MEA and temere.epd

xr_a_y · Post by **xr_a_y** » Thu Apr 30, 2020 9:09 pm

Be carrefull if your copy paste is right, then your code is wrong because of a spurious comma

2.1,  2,0,  1.9,

look at the 2,0 instead of 2.0 !

Rebel · Post by **Rebel** » Thu Apr 30, 2020 10:25 pm

xr_a_y wrote: ↑Thu Apr 30, 2020 9:09 pm Be carrefull if your copy paste is right, then your code is wrong because of a spurious comma
Code: Select all
2.1,  2,0,  1.9,
look at the 2,0 instead of 2.0 !

Code ok, copy & paste also, making it more readable in the post not, but thanks for pointing out.

abulmo2 · Post by **abulmo2** » Tue May 05, 2020 12:31 pm

first, thank you for all your clarifications.

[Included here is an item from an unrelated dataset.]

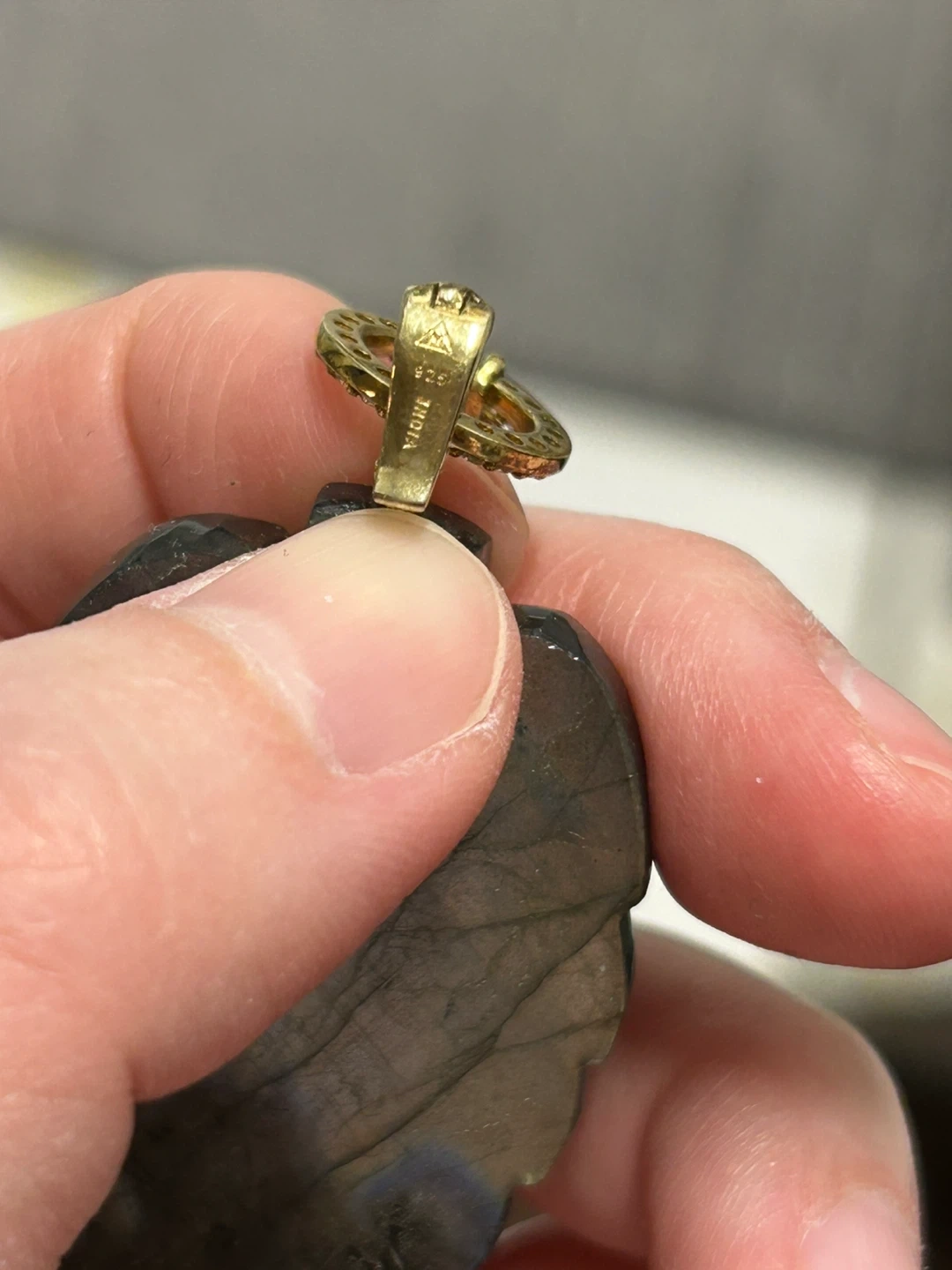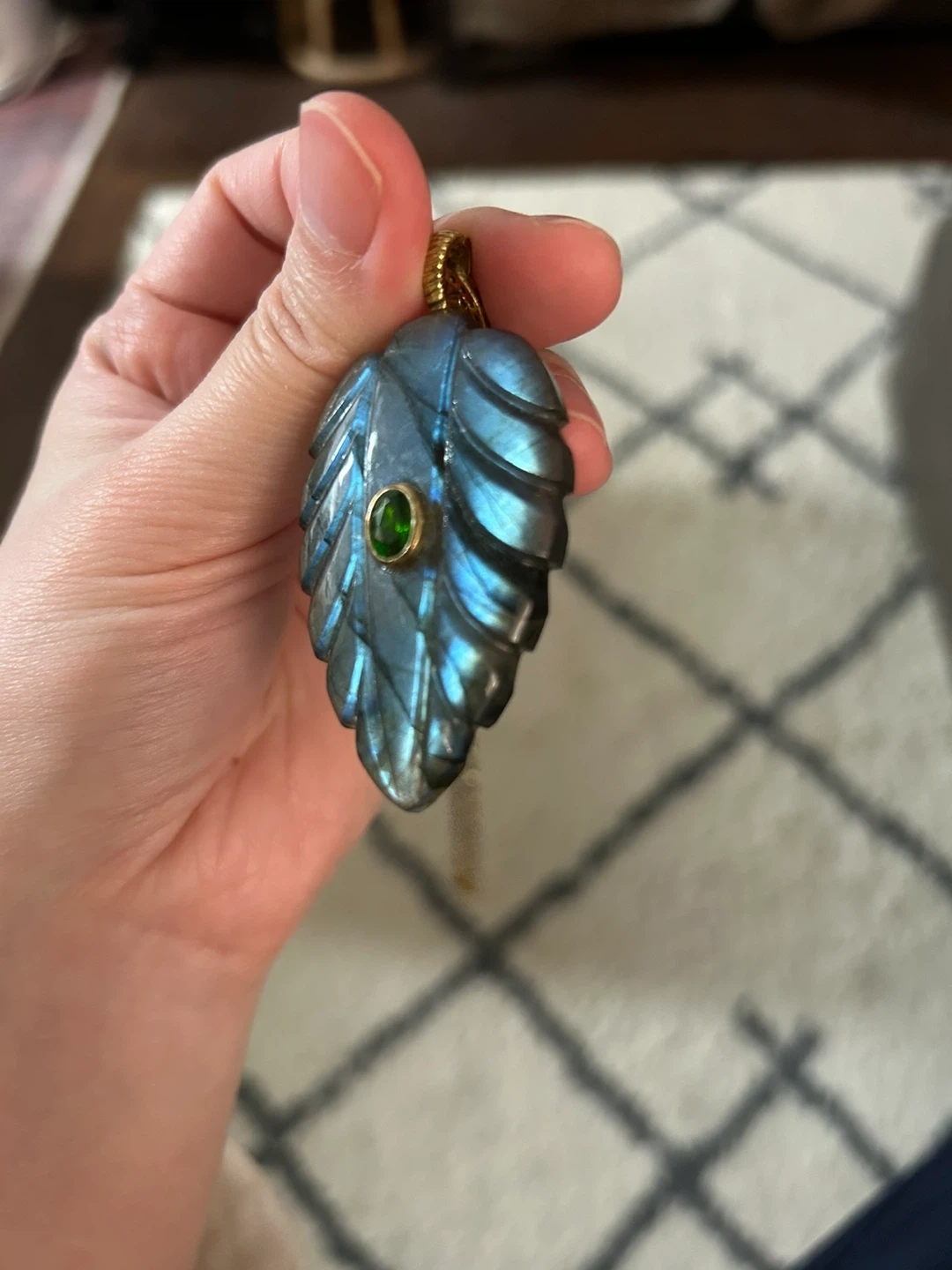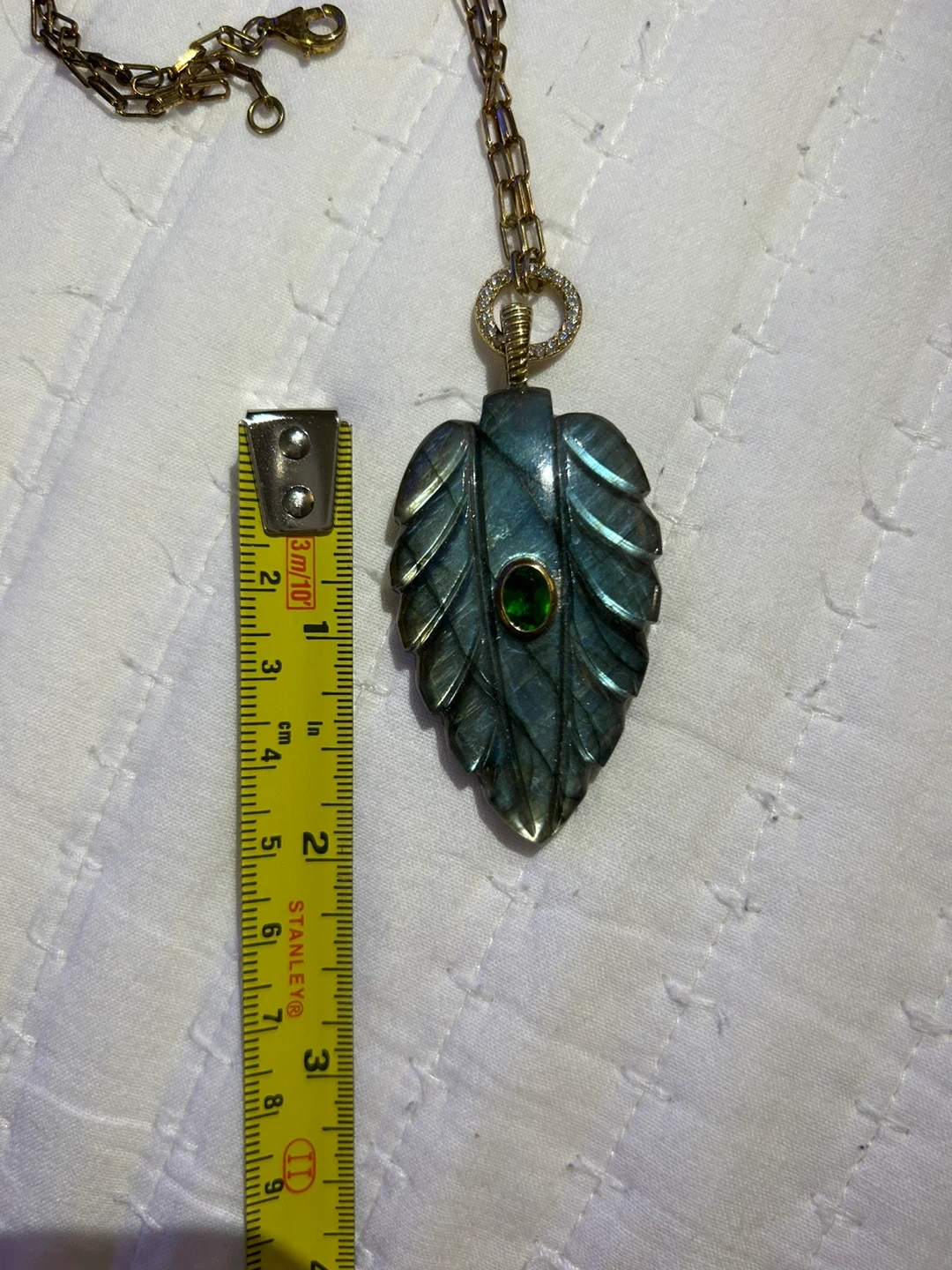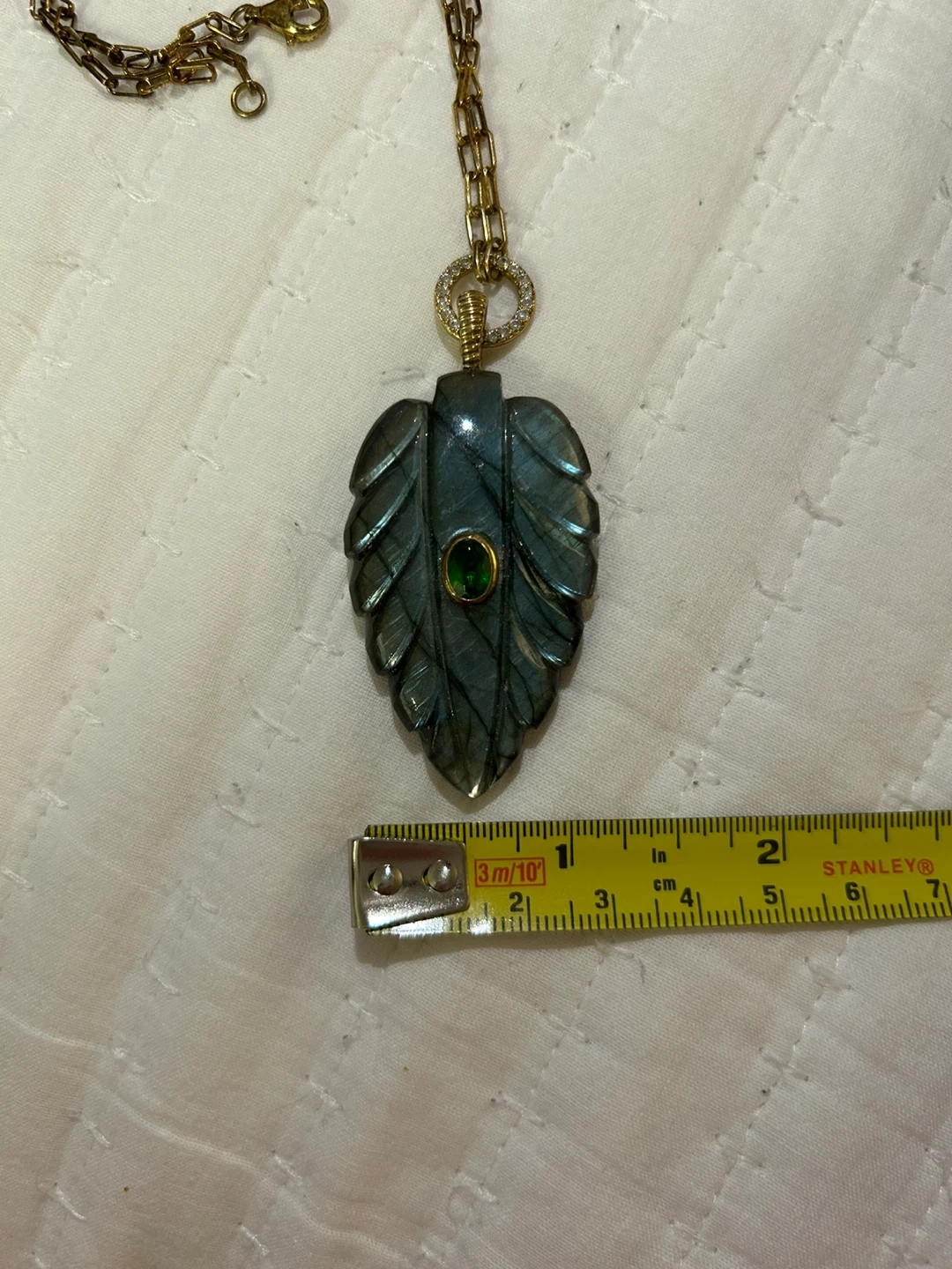 Beautifully carved labradorite pendant shaped like a leaf. Features a small, round green gemstone in the center. It's a lovely piece for everyday wear or special occasions! It has never been worn, but tarnished from storage. The 925 areas and chain shows some tarnishing. Please see all photos for details. Thanks!

Rebel wrote: ↑Thu Apr 30, 2020 5:57 pm The idea behind the tool is that one runs it at fast time control since you need so many positions to get a reliable result, hence the tool concentrates itself at time controls between 100-500ms, 1000ms max. This gives the following two tables, ms (milliseconds) and a corresponding table pt (points).
Code: Select all
int ms [] =    {  10,  20,  30,  40,  50,  60,  70,  80,  90,  100,  125,  150,  175,  200,  250,  300,  400,  500,  600,  700,  800,  900,   -1 };
double pt [] = { 3.0, 2.9, 2.8, 2.7, 2.6, 2.5, 2.4, 2.3, 2.2,  2.1,  2,0,  1.9,  1.8,  1.7,  1.6,  1.5,  1.4,  1.3,  1.2,  1.1,  1.0,  1.0,  0.0 }; 
Example: c0 "Qa4=10, Rxc2=9, f6=5, Kg7=1";

If your engine plays none of the above moves, no points.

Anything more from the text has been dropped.